Foot Traffic. I don’t have any hard stats to share, but it definitely seemed more crowded than in the past. If I had to guess, I’d say volume on the show floor was up a solid 30-40% over 2017. All but one sponsor I spoke with was pleased with the amount (and quality) of attention they were getting.
Logistics and Layout. I’m going to chalk it up to growing pains (see above), but compared to other shows I regularly attend (e.g., RSAC and Gartner Security Summit), the level of polish/convenience was below par. A cumbersome, multi-queue check-in process punctuated by too few stations for badge pick-up, no obvious map/directory of participating sponsors, and too few hydration stations (at least on day 1) top my list of gripes in this area. Also, I couldn’t help feeling a little bit sorry for the sponsors with booths located in the hallway between the larger and smaller show floors. Several I spoke with were not happy about being stuck in “no-man’s land.”

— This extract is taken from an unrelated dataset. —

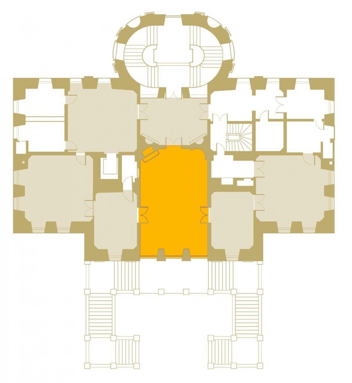 Der frühere Salon des Großherzogs. Mit Treppe zur Terrasse.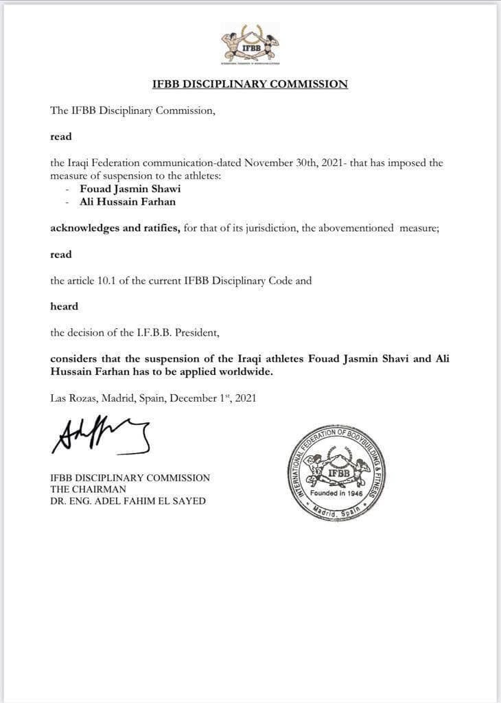 وذكر اتحاد بناء الاجسام في بيان تلقت وكالة "تنوع نيوز" نسخة منه ان “الاتحاد الدولي للعبة بناء الاجسام ابرق الاتحاد العراقي للعبة بمعاقبة اللاعبين العراقيين علي حسين فرحان وفؤاد جاسم شاوي”.

Themes and Technologies. Several sponsors sported comic-based themes (or activities). Presumably the rationale here is simply one of attracting attention. But one colleague mentioned the very plausible added goal of appealing to millennials – be they potential customers or employees. As for it being the “Year of X,” I didn’t see any specific security technology/solution that clearly stood out above all others. That said, there were a few that caught my attention due to their above average frequency of being prominently featured on sponsor’s booths. These included security orchestration, automation, and response (aka, SOAR), application security (e.g., testing and container security tools), and “cyber resilience” (whatever that actually means).
Closing Thoughts and Impressions. Puzzled though I am by the proliferation of sponsors offering goofy-looking socks to pull attendees into their booths, one thing is clear to me now more than ever: Black Hat is rapidly becoming a “must-attend-every-year” event for both the security vendor and practitioner communities.